New Species of Tick Making its Way Toward Cape Cod

HYANNIS – Officials in Barnstable County are preparing for a new tick species which could eventually end up on Cape Cod.

The Asian longhorned tick, which has been known to be a pest for livestock but can also spread diseases to humans, has been found in eight U.S. states including New York, New Jersey and Pennsylvania.

It was discovered last year in New Jersey on a sheep farm.

“Once it got reported to be in Westchester County, New York, I said, ‘okay this thing is on our door step and it is just a matter of time,” said Larry Dapsis, the Barnstable County Entomologist and local tick expert.

There is a concern about how quickly the species can spread.

“The females do not need a male. They do not need a mate in order to lay eggs,” Dapsis said. “They are already fertile and they just start laying eggs as soon as they become an adult tick and the populations can grow very, very fast.”

The tick may have been in the U.S. since 2010 and has been misidentified as a rabbit tick, according to Dapsis.

“The fact that it’s found in a number of states in a short period of time, including Arkansas, it suggests that this thing probably wasn’t a single introduction,” Dapsis said. “It’s been introduced a number of times.”

Genetic evidence supports it has been introduced in the country at least three times.

The longhorned tick does prefer livestock such as cows, sheep and horses.
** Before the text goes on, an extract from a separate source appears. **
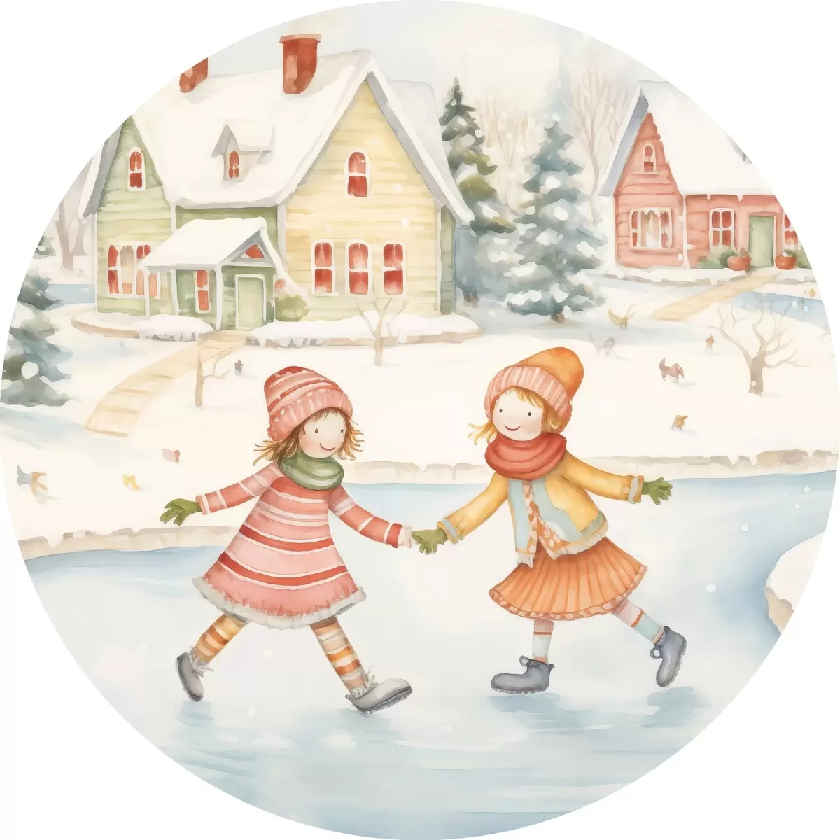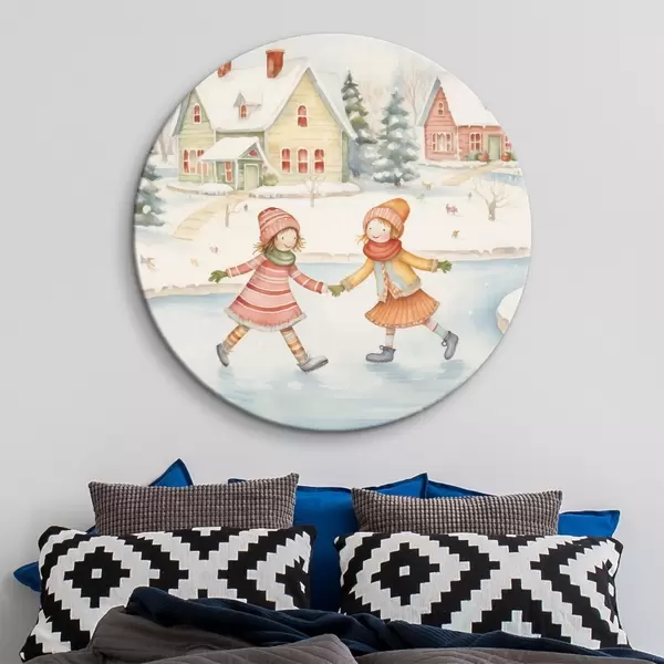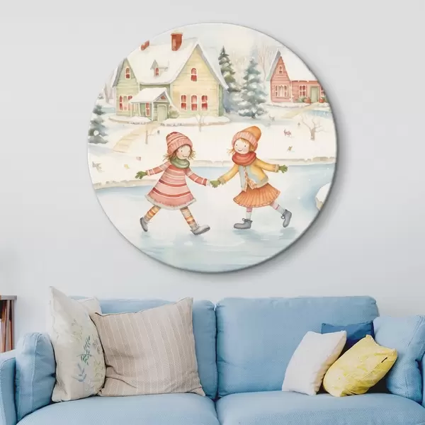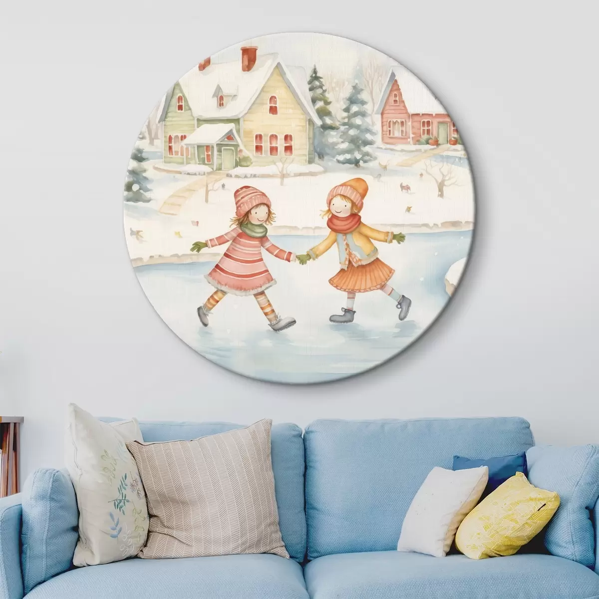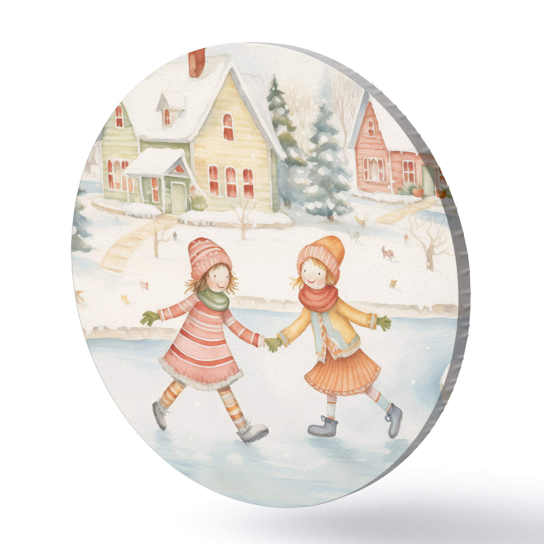 Cuadros redondos Escena invernal con dos chicas patinando, ciudad invernal, casas, bosque r41377

“After its introduction it’s probably being moved around by interstate commerce,” he said. “We are moving animals from state to state so that is probably how it is traveling.”

The possibility that birds may be playing a role in its movement has not been ruled out.

Dapsis believes once the species arrives in Massachusetts it will be more of a problem for areas with more cattle farms and not on Cape Cod.

The species could potentially be a big annoyance because it is not known how it spreads diseases.

“In Southeast Asian, where this thing is indigenous to, it will harbor pathogens that resemble but arne’t exactly like our pathogens in deer ticks that cause anaplasmosis, Powassan virus and babesiosis,” Dapsis said.

Studies are being conducted on mice and other animals to see if the ticks will be able to transmit the pathogens already here.

“In the surveillance that’s been done so far, the pathogens that exist in Southeast Asia have not shown up in the tick populations established here,” Dapsis said. “That’s kind of good news, but can it make existing use of what’s already here and that we don’t know.”

Dapsis said it will eventually be another tick that residents on the Cape will probably have to be aware of.

“The basic protection tactics that we have been preaching for years now, permethrin treated clothing and footwear and perimeter yard sprays, should prevent these things from being a big annoyance,” he said.

Dapsis said the Cape is currently in a safe point in the tick season.

Deer tick eggs laid in the spring are hatching into tiny larvae that can barely be seen.

“The good thing about that is that the larvae hatch out clean. They are not carrying disease,” he said.

In early September the region will see the emergence of the next generation of adult stage deer ticks.

“By early October they will be out in full force,” Dapsis said.